Information provided:
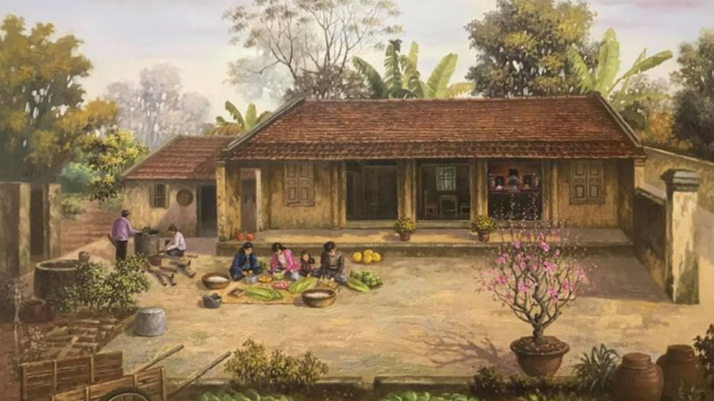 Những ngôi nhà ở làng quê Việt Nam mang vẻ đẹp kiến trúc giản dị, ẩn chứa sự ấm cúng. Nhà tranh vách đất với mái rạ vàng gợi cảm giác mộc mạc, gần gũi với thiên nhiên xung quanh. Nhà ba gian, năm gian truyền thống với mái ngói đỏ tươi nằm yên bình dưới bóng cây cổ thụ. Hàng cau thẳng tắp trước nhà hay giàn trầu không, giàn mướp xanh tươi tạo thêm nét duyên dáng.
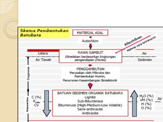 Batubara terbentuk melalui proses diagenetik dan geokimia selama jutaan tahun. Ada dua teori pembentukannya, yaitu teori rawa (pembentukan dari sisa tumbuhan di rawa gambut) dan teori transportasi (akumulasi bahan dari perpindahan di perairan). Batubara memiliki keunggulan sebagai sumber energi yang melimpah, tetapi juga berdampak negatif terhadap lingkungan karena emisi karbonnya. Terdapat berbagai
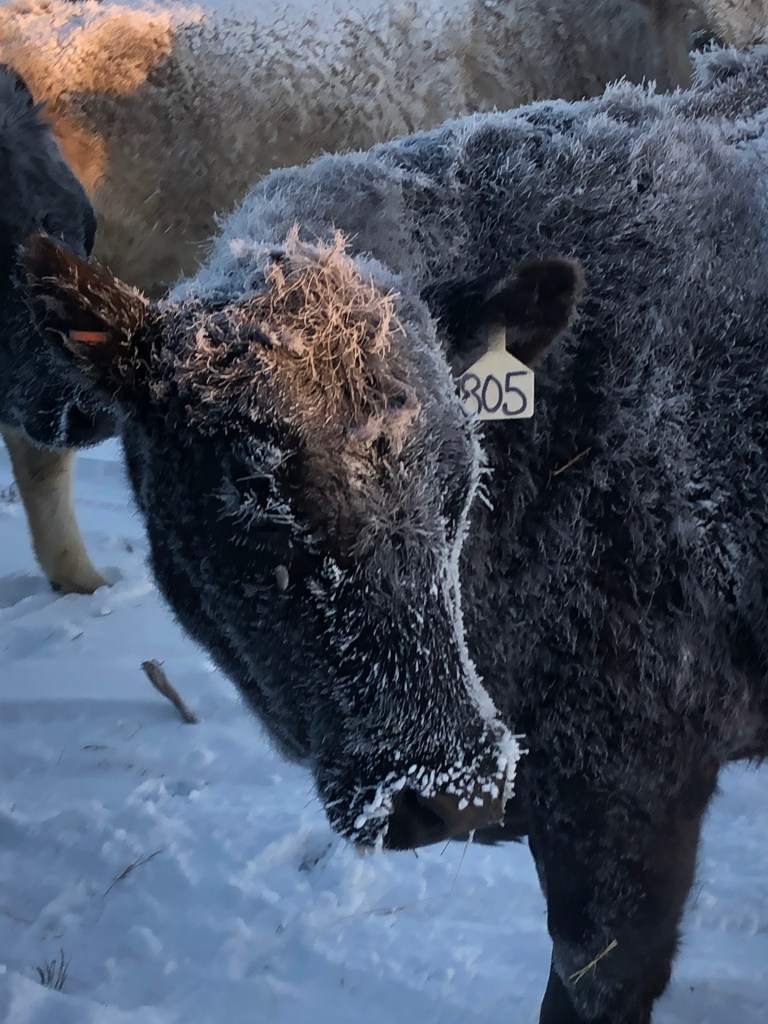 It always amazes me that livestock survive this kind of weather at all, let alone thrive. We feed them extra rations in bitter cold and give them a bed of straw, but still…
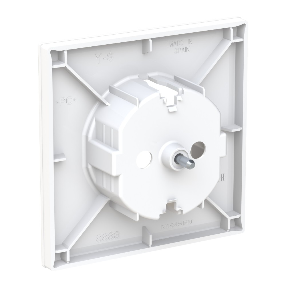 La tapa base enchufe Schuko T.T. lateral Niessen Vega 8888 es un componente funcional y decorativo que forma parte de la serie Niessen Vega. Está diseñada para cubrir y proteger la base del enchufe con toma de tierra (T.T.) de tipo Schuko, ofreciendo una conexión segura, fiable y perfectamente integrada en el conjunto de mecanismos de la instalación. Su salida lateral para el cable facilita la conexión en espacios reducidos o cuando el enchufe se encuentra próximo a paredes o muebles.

Work instructions: First drop every picture, then print the data above exactly as it stands.

Exercise result:
 Những ngôi nhà ở làng quê Việt Nam mang vẻ đẹp kiến trúc giản dị, ẩn chứa sự ấm cúng. Nhà tranh vách đất với mái rạ vàng gợi cảm giác mộc mạc, gần gũi với thiên nhiên xung quanh. Nhà ba gian, năm gian truyền thống với mái ngói đỏ tươi nằm yên bình dưới bóng cây cổ thụ. Hàng cau thẳng tắp trước nhà hay giàn trầu không, giàn mướp xanh tươi tạo thêm nét duyên dáng.
 Batubara terbentuk melalui proses diagenetik dan geokimia selama jutaan tahun. Ada dua teori pembentukannya, yaitu teori rawa (pembentukan dari sisa tumbuhan di rawa gambut) dan teori transportasi (akumulasi bahan dari perpindahan di perairan). Batubara memiliki keunggulan sebagai sumber energi yang melimpah, tetapi juga berdampak negatif terhadap lingkungan karena emisi karbonnya. Terdapat berbagai
 It always amazes me that livestock survive this kind of weather at all, let alone thrive. We feed them extra rations in bitter cold and give them a bed of straw, but still…
 La tapa base enchufe Schuko T.T. lateral Niessen Vega 8888 es un componente funcional y decorativo que forma parte de la serie Niessen Vega. Está diseñada para cubrir y proteger la base del enchufe con toma de tierra (T.T.) de tipo Schuko, ofreciendo una conexión segura, fiable y perfectamente integrada en el conjunto de mecanismos de la instalación. Su salida lateral para el cable facilita la conexión en espacios reducidos o cuando el enchufe se encuentra próximo a paredes o muebles.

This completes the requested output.